▸ **What to do**: Filter the listing for lines containing "features".

▸ **Data for processing**:
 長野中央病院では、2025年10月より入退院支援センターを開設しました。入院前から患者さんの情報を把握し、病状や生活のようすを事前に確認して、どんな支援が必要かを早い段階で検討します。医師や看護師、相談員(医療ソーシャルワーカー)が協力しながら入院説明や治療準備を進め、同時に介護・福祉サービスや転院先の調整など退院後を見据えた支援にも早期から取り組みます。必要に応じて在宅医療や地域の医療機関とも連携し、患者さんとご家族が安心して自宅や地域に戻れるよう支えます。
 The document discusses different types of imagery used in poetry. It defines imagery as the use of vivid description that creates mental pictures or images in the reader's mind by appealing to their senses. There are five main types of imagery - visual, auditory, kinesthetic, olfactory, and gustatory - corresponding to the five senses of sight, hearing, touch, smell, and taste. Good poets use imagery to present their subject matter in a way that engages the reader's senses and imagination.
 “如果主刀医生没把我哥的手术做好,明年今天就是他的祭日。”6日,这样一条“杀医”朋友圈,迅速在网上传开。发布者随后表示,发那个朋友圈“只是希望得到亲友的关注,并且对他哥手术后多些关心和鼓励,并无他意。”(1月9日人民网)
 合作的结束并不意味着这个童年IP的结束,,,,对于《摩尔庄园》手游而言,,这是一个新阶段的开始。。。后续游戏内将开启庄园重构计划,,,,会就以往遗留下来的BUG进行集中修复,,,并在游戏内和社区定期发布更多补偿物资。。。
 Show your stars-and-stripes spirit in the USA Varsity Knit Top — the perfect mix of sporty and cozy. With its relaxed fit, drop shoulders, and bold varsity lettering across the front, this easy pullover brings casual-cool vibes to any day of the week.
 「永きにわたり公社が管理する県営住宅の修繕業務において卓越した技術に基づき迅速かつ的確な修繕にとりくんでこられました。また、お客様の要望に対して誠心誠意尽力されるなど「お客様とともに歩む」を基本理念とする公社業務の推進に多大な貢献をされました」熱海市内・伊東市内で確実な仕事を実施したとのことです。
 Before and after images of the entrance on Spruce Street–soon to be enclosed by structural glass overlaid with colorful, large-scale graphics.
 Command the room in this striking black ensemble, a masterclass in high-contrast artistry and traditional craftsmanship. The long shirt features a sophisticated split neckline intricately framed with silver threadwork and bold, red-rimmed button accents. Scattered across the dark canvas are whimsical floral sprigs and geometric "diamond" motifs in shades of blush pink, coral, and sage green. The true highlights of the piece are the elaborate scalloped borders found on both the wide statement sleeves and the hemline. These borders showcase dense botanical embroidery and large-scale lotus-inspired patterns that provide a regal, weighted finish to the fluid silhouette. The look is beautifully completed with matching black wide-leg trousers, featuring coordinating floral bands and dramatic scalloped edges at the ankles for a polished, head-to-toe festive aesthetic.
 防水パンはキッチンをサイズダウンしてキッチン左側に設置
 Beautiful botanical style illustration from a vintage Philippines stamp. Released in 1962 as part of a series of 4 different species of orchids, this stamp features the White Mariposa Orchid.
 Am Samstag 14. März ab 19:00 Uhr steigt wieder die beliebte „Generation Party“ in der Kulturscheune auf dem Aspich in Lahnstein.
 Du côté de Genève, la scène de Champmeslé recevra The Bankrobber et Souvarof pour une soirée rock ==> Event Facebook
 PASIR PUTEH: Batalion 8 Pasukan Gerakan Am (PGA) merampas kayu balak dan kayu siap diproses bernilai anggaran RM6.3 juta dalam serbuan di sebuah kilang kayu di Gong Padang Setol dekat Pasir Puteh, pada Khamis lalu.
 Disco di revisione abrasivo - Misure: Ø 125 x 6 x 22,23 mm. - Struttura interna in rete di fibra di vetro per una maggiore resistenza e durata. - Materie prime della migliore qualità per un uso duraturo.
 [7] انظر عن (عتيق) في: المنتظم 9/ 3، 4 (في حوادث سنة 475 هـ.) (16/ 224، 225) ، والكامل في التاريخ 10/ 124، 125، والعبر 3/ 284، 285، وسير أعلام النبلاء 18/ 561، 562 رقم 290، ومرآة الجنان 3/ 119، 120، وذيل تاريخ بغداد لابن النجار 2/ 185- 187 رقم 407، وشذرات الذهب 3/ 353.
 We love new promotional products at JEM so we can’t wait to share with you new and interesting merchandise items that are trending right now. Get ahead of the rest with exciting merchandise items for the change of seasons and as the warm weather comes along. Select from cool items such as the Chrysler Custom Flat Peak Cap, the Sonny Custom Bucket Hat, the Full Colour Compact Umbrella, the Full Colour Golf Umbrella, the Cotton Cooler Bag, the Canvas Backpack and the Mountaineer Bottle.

▸ **Task answer**:
 Command the room in this striking black ensemble, a masterclass in high-contrast artistry and traditional craftsmanship. The long shirt features a sophisticated split neckline intricately framed with silver threadwork and bold, red-rimmed button accents. Scattered across the dark canvas are whimsical floral sprigs and geometric "diamond" motifs in shades of blush pink, coral, and sage green. The true highlights of the piece are the elaborate scalloped borders found on both the wide statement sleeves and the hemline. These borders showcase dense botanical embroidery and large-scale lotus-inspired patterns that provide a regal, weighted finish to the fluid silhouette. The look is beautifully completed with matching black wide-leg trousers, featuring coordinating floral bands and dramatic scalloped edges at the ankles for a polished, head-to-toe festive aesthetic.
 Beautiful botanical style illustration from a vintage Philippines stamp. Released in 1962 as part of a series of 4 different species of orchids, this stamp features the White Mariposa Orchid.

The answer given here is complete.